* [Task objective] Below is a listing with pictures in it. Copy it exactly without them.

* [Input data]
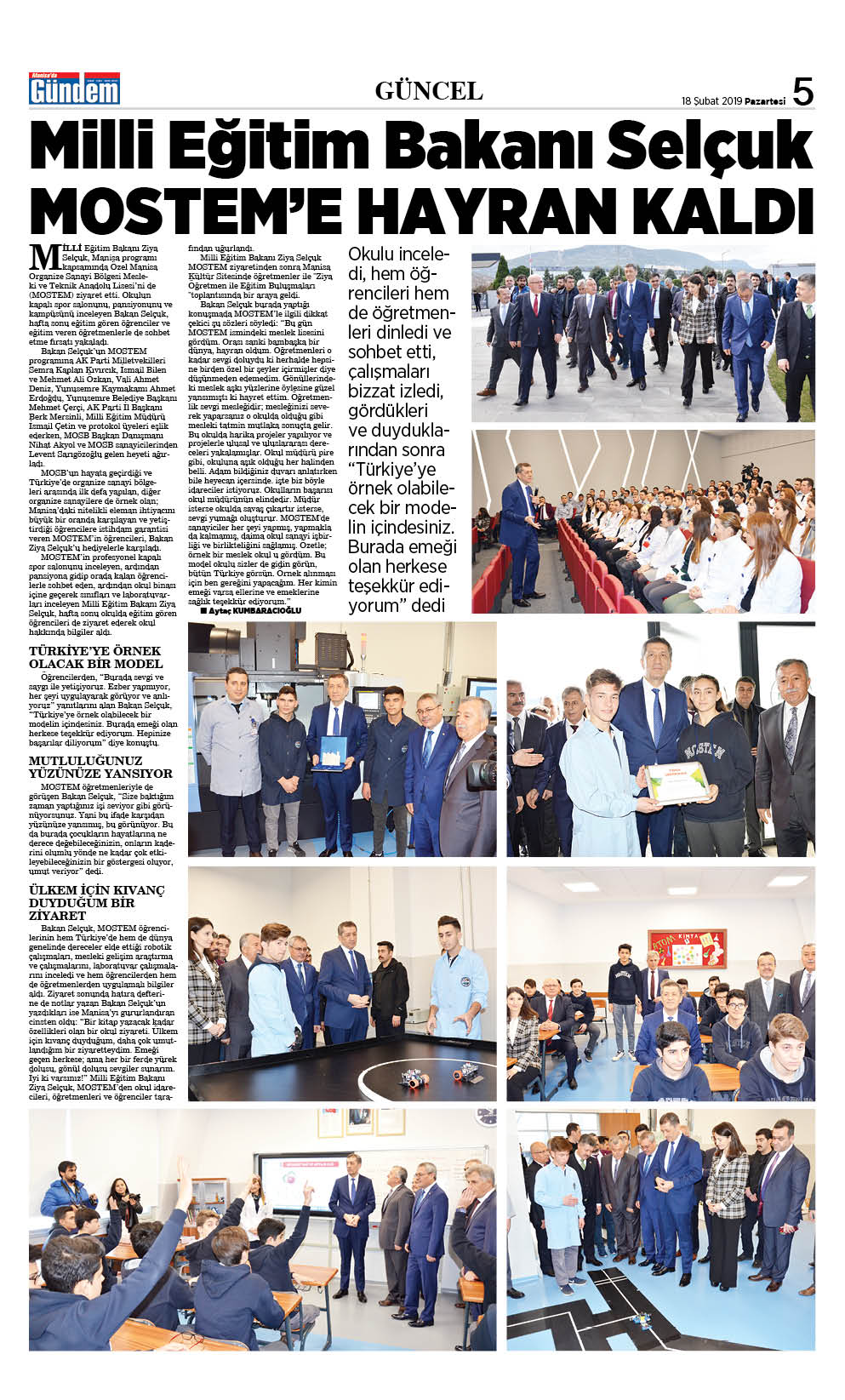 Bakan Selçuk, MOSTEM öğrencilerinin hem Türkiye’de hem de dünya genelinde dereceler elde ettiği robotik çalışmaları, mesleki gelişim araştırma ve çalışmalarını, laboratuvar çalışmalarını inceledi ve hem öğrencilerden hem de öğretmenlerden uygulamalı bilgiler aldı. Ziyaret sonunda hatıra defterine de notlar yazan Bakan Selçuk’un yazdıkları ise Manisa’yı gururlandıran cinsten oldu: “Bir kitap yazacak kadar özellikleri olan bir okul ziyareti. Ülkem için kıvanç duyduğum, daha çok umutlandığım bir ziyaretteydim. Emeği geçen herkese; ama her bir ferde yürek dolusu, gönül dolusu sevgiler sunarım. İyi ki varsınız!”
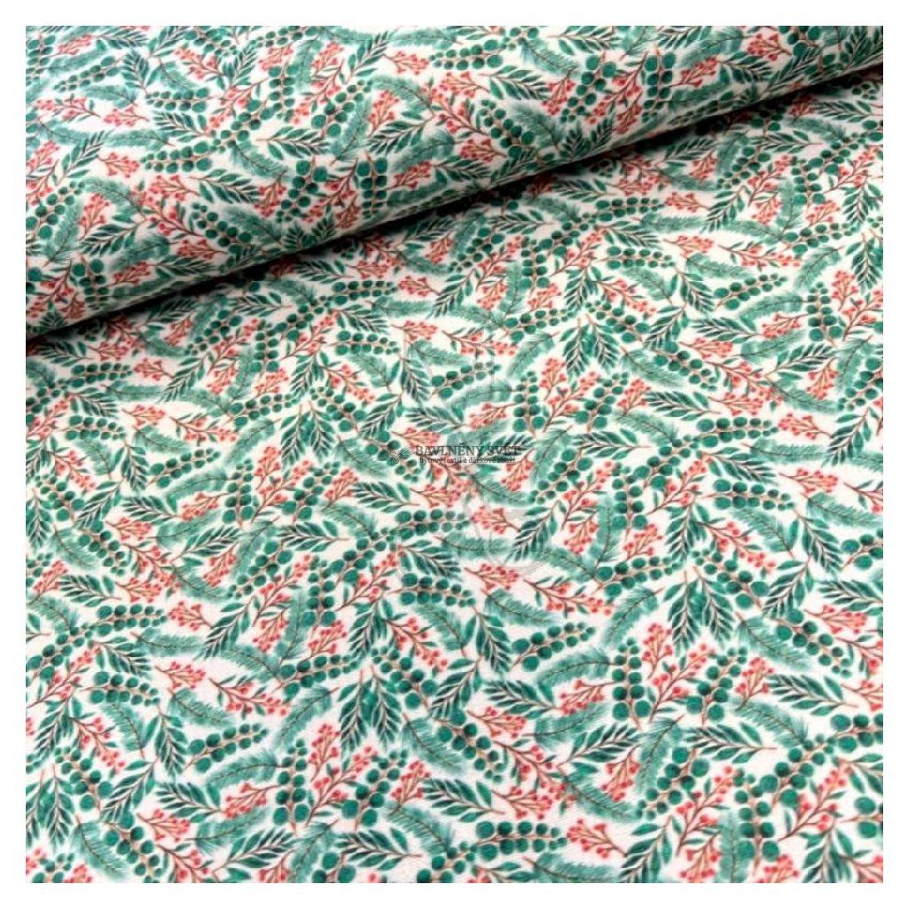 Pokud hledáte látku, která v sobě spojuje klasickou barevnost Vánoc s lehkostí přírodních motivů, tento vzor se zeleným jehličím a červenými plody vás jistě zaujme. Rozmístění větviček na podkladu v barvě přírodní bílé působí velmi vzdušně, což umožňuje látku využít i v moderních, minimalisticky laděných prostorech. Pevná vazba kvalitního bavlněného plátna je zárukou, že se materiál snadno udržuje a zachovává si svou barevnou stálost i po mnoha vypráních.
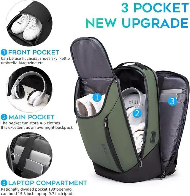 180° opening pocket: The front pocket can be use fit casual shoes, sky, kettle, umbrella, Magazine and Other goods, the backpack have 5 pocket, the main pocket can contain 4-5 chothesthe laptop pocket can 180°opening can hold 15.6 inch laptop and the pocket division reasonable can meet your daily needs, Two front pocket can meet your daily needs, You can place anything you have to have any items, such as wallet, pen, convenient sign, etc

* [Result for this task]
 Bakan Selçuk, MOSTEM öğrencilerinin hem Türkiye’de hem de dünya genelinde dereceler elde ettiği robotik çalışmaları, mesleki gelişim araştırma ve çalışmalarını, laboratuvar çalışmalarını inceledi ve hem öğrencilerden hem de öğretmenlerden uygulamalı bilgiler aldı. Ziyaret sonunda hatıra defterine de notlar yazan Bakan Selçuk’un yazdıkları ise Manisa’yı gururlandıran cinsten oldu: “Bir kitap yazacak kadar özellikleri olan bir okul ziyareti. Ülkem için kıvanç duyduğum, daha çok umutlandığım bir ziyaretteydim. Emeği geçen herkese; ama her bir ferde yürek dolusu, gönül dolusu sevgiler sunarım. İyi ki varsınız!”
 Pokud hledáte látku, která v sobě spojuje klasickou barevnost Vánoc s lehkostí přírodních motivů, tento vzor se zeleným jehličím a červenými plody vás jistě zaujme. Rozmístění větviček na podkladu v barvě přírodní bílé působí velmi vzdušně, což umožňuje látku využít i v moderních, minimalisticky laděných prostorech. Pevná vazba kvalitního bavlněného plátna je zárukou, že se materiál snadno udržuje a zachovává si svou barevnou stálost i po mnoha vypráních.
 180° opening pocket: The front pocket can be use fit casual shoes, sky, kettle, umbrella, Magazine and Other goods, the backpack have 5 pocket, the main pocket can contain 4-5 chothesthe laptop pocket can 180°opening can hold 15.6 inch laptop and the pocket division reasonable can meet your daily needs, Two front pocket can meet your daily needs, You can place anything you have to have any items, such as wallet, pen, convenient sign, etc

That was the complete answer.